Monday, November 21, 2016

No, We Didn't Take It

Twisted Sister, a band I was lucky enough to be a fan of right up until they achieved national success has just finished their farewell tour. Lead singer Dee Snider just released a solo album and here was the review of it that I posted on Amazon:

I am an old time SMF of Twisted Sister. For me, this is the album that should have been the Twisted album that would have helped the band evolve after Stay Hungry. The calcified museum piece that Twisted has been for years at various festivals was the road that would have best been not taken. Forget for a moment the personnel dramas the band had to deal with, the better thing for Twisted, and the fans, would have been to evolve. The best of the rock bands, whatever genre, become that way by, carefully, adding new influences and new directions to their music. Bowie, The Stones, Led Zep, were all bands that Twisted took from, and their multi-faceted careers should have been the example for Twisted to follow.

Twisted wasn't a heavy metal band, though they played heavy metal. They weren't a glam band, though they looked like it. They weren't punks, but they played like them, at least in the clubs. They meteoric success of Stay Hungry wound up being the end of the creative life of the band. If the band had the courage to branch out in new directions, who knows what greatness may have been achieved.

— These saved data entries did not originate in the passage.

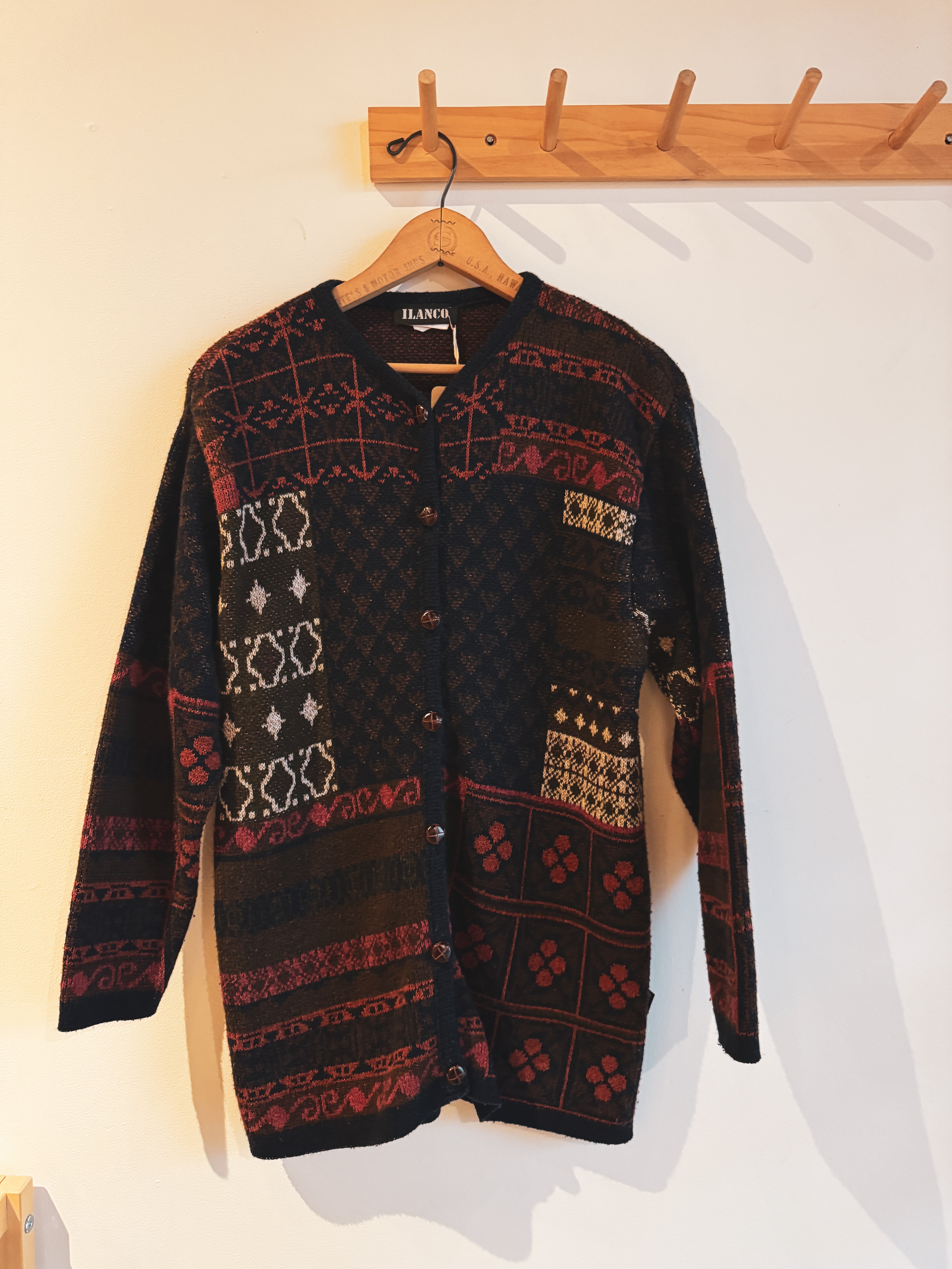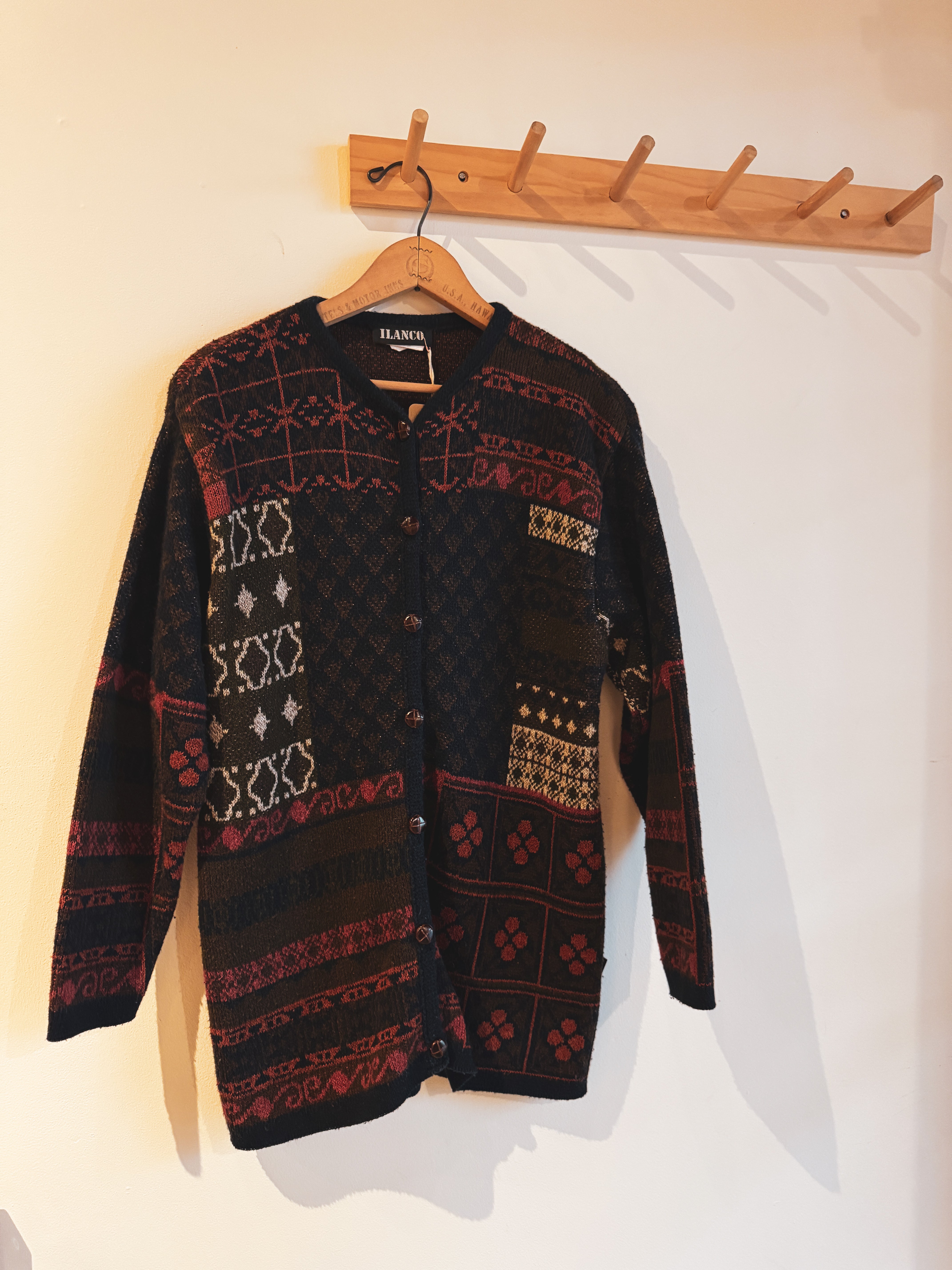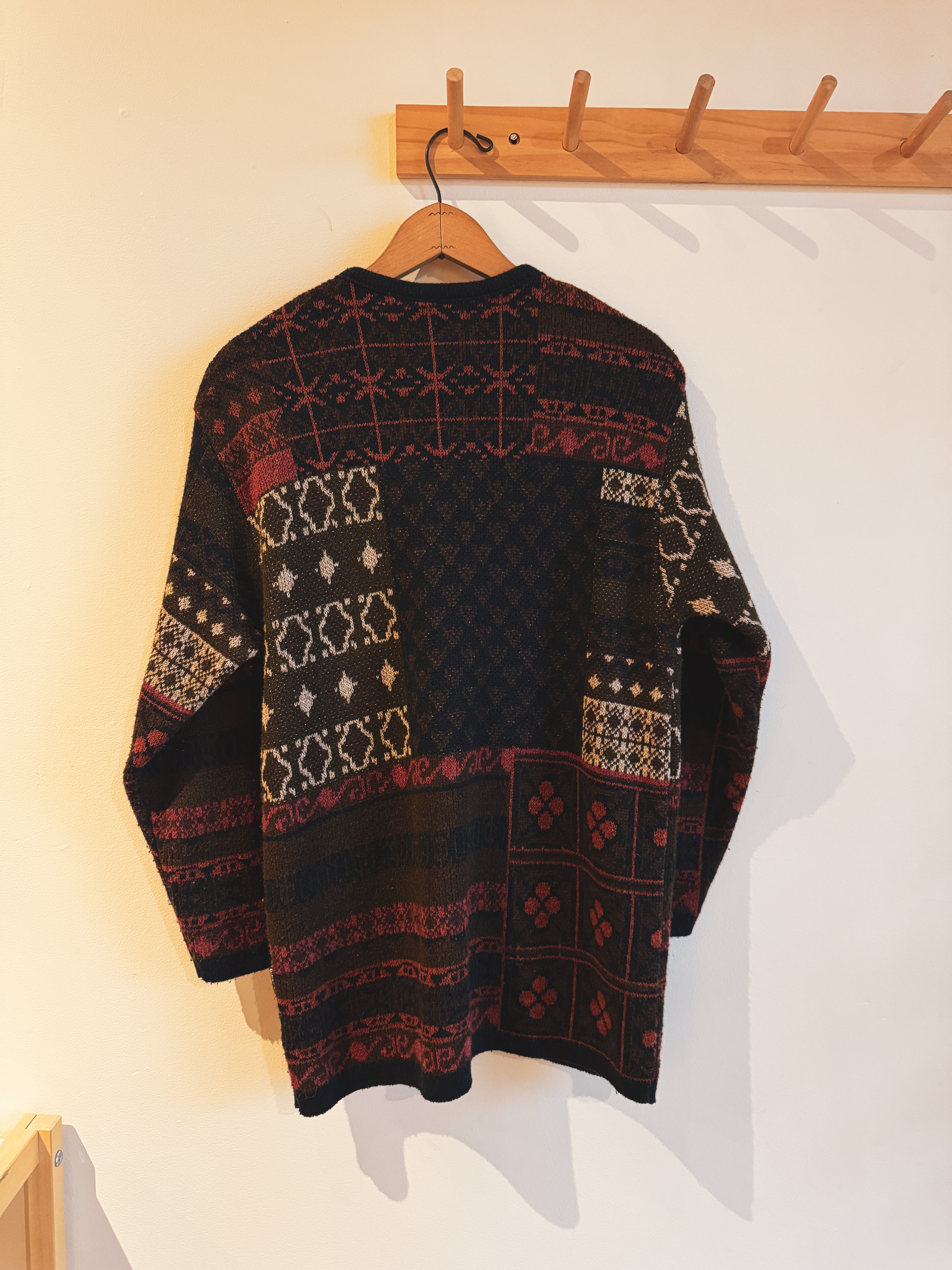 vintage navy red olive patterned cardigan | M
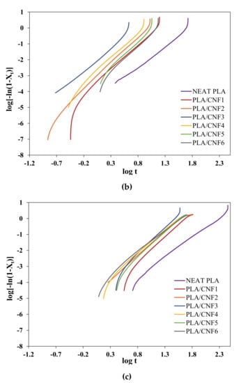 Avrami plots of neat PLA and PLA/CNF nanocomposites isothermally crystallized at (a) 90, (b) 100, and (c) 110 °C.
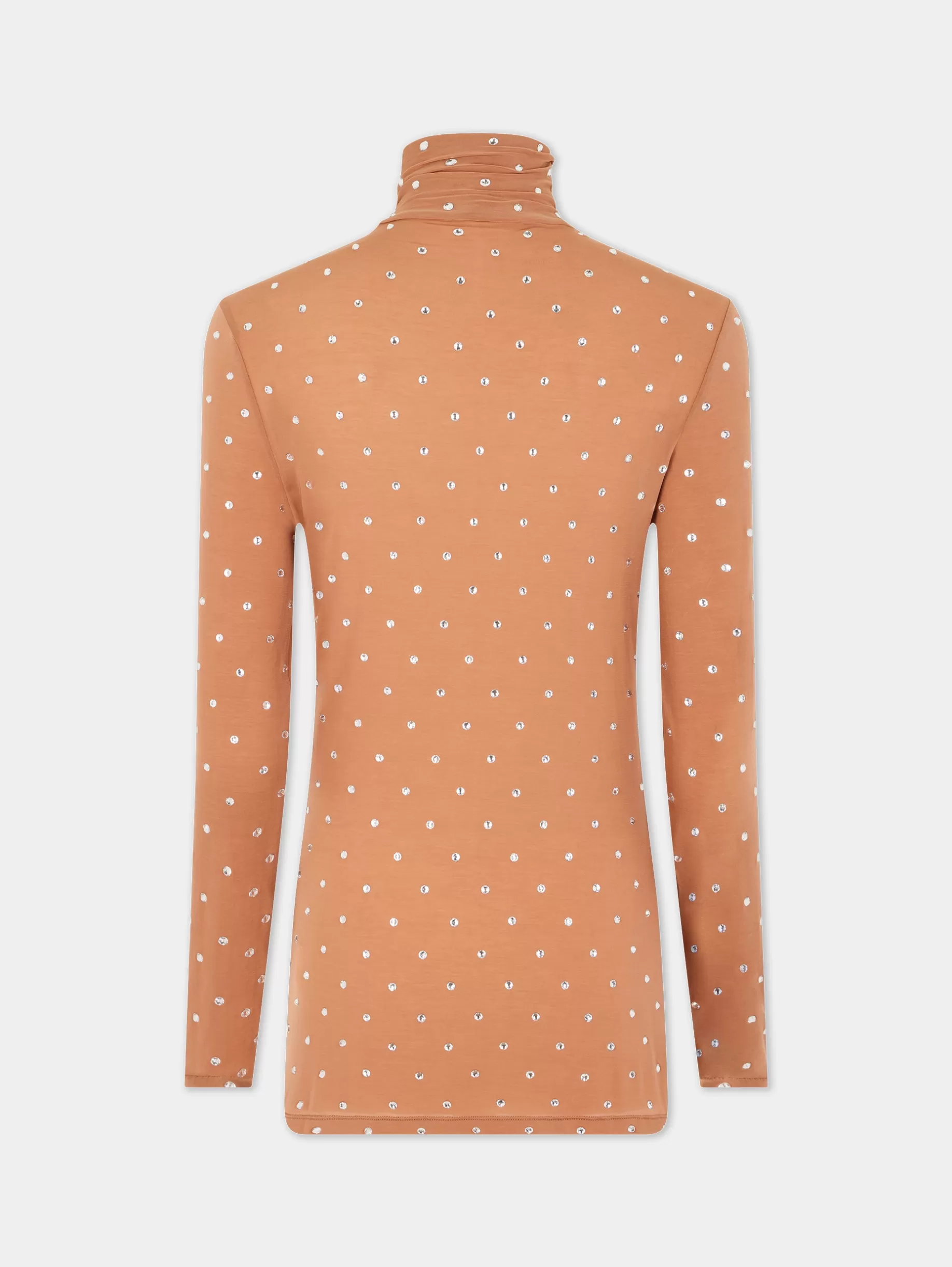Rabanne Crystals-embellished caramel turtleneck top
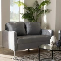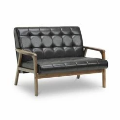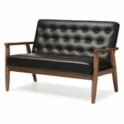 Best Pirce ๐ Loveseats Baxton Studio Venza Walnut Wood Black Faux Leather 2 Seater Loveseat ๐
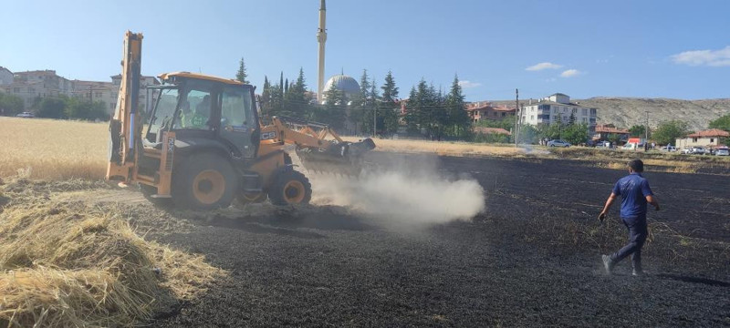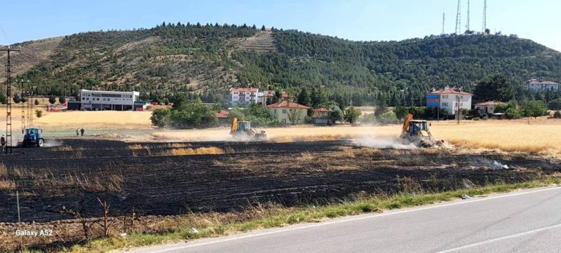 Çevredeki vatandaşların ihbarı üzerine olay yerine gelen itfaiye ekiplerinin müdahalesiyle yangın söndürülürken, yaklaşık 10 dönüm tarlası kül oldu.
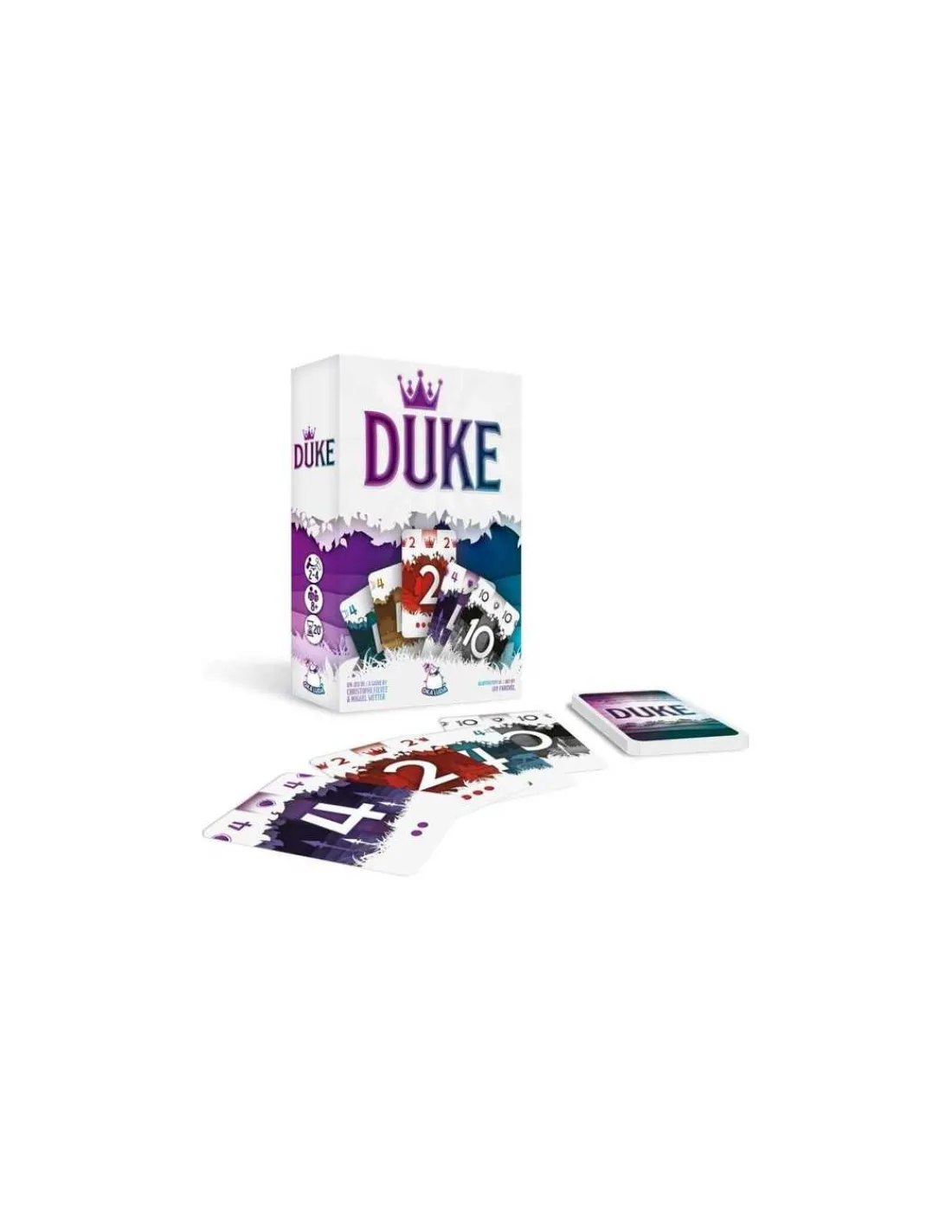 Découvrez le jeu Duke de Oka Luda, un jeu de cartes simple et stratégique pour jouer de 2 à 4 joueurs à partir de 8 ans. Un jeu de société pour des parties rapides, dans lequel vous allez devoir gagner une succession de manches pour remporter la victoire.
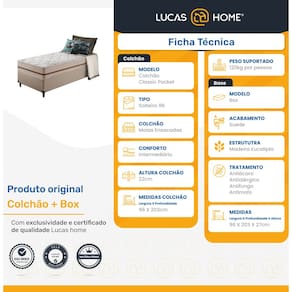 Sejam bem-vindos(as) a Lucas Home! Pensando em melhorar suas noites de sono?A cama Box + Colchão Classic Molas é a escolha ideal! Fabricado com matéria-prima de qualidade, ele suporta até 120kg por pessoa, proporcionando conforto médio, o que lhe confere conforto extra durante o sono sem comprometer sua coluna. A Cama Box é fabricada em madeira de reflorestamento, suporta até 100Kg e seus pés em madeira são de 12cm. Possui revestimento em suede nas laterais, o produto que faltava em seu dormitório.
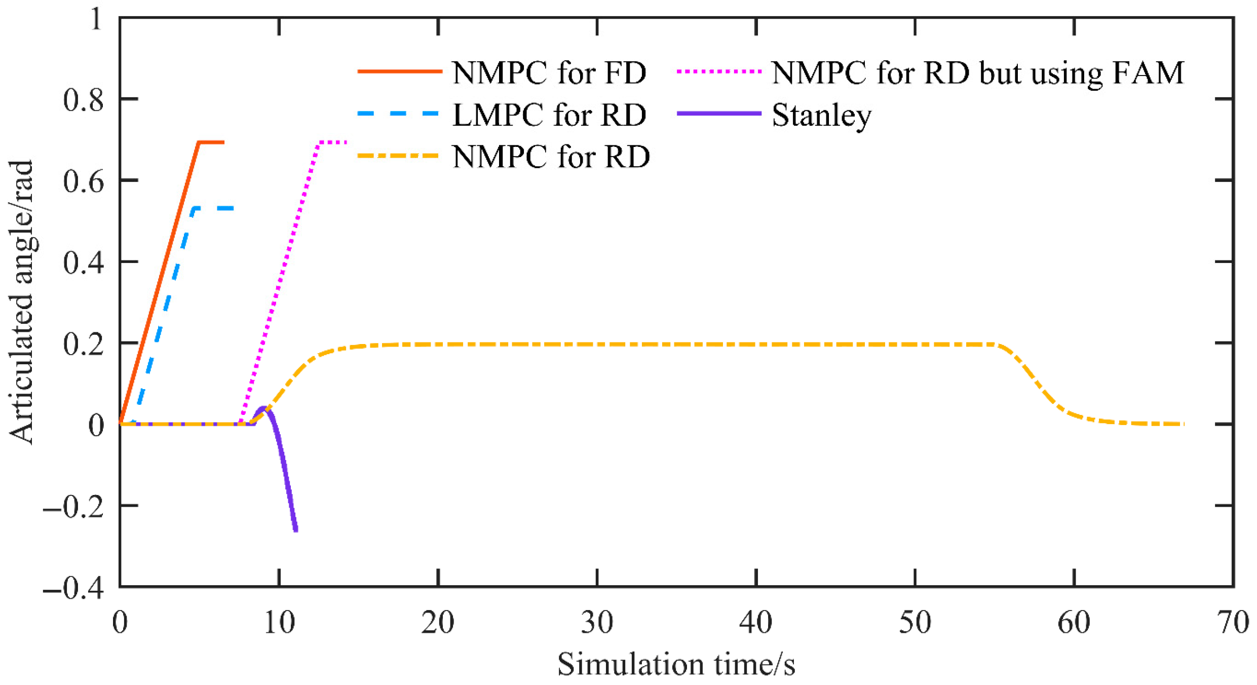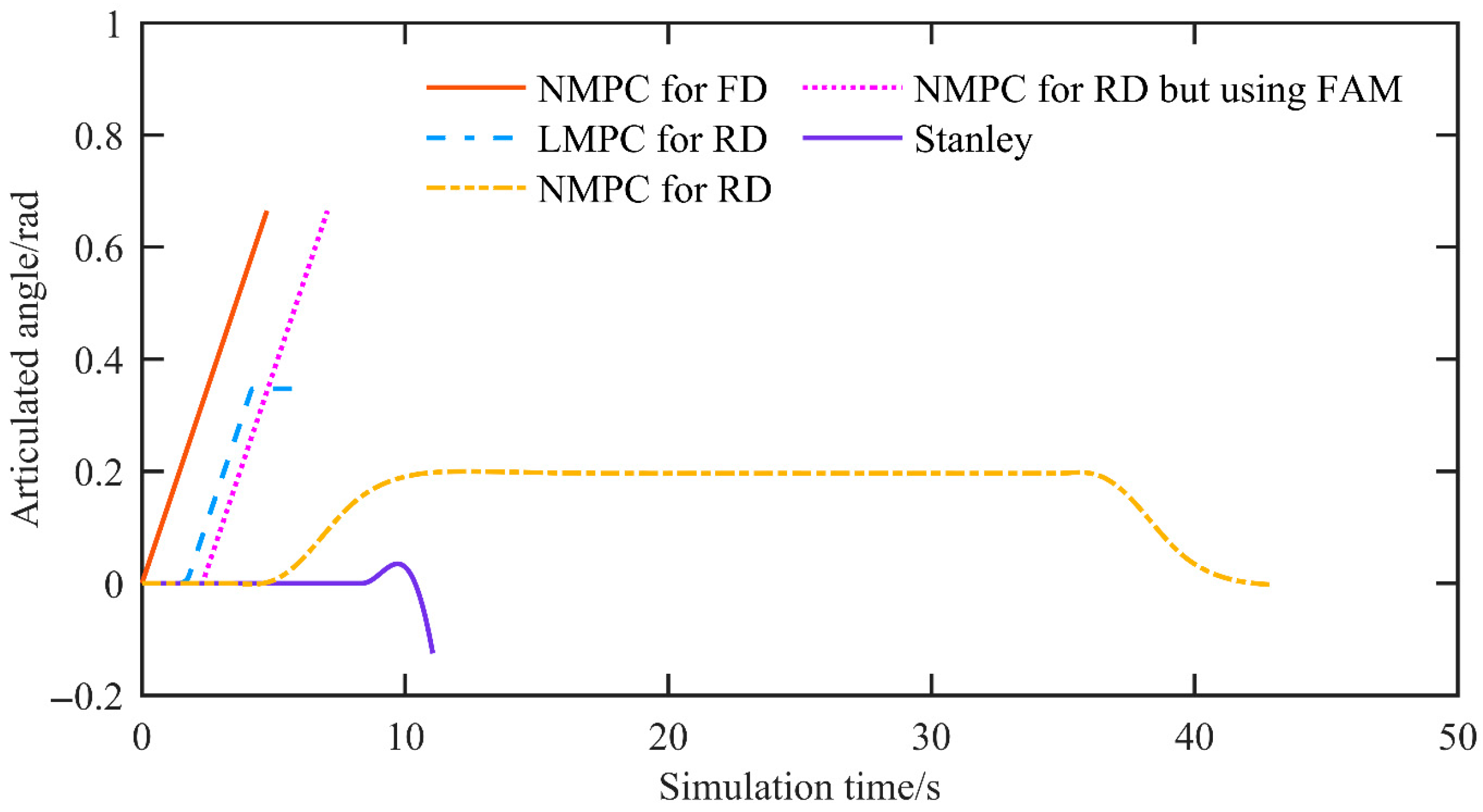 The proposed NMPC also has limitations and potential failure modes. The principal limitations concern real-time performance and the cost of industrial deployment. Its real-time capability is relatively weak, necessitating reliance on high-performance computing platforms for practical implementation and potentially rendering deployment prohibitively expensive in industrial settings. A potential failure mode arises when the vehicle speed is excessively high and the required steering exceeds the steering mechanism’s constraints on articulation angle or on the rate of change in the articulation angle. In such circumstances, not only the NMPC controller but virtually any controller cannot circumvent these physical limits to accomplish path tracking control.

You may say that you must "give the people what they want". Pete Townshend predicted The Who would become a kind of lounge act, and to a large degree he proved precient. In a different realm, Steve Jobs said that you need to tell the people what they want. Apple's success proves that Jobs' insight is indisputable.

The fans will never push you forward. They will always clamor for "the greatest hits". Snider's "We Are the Ones" shows any erstwhile TS fans what might have been.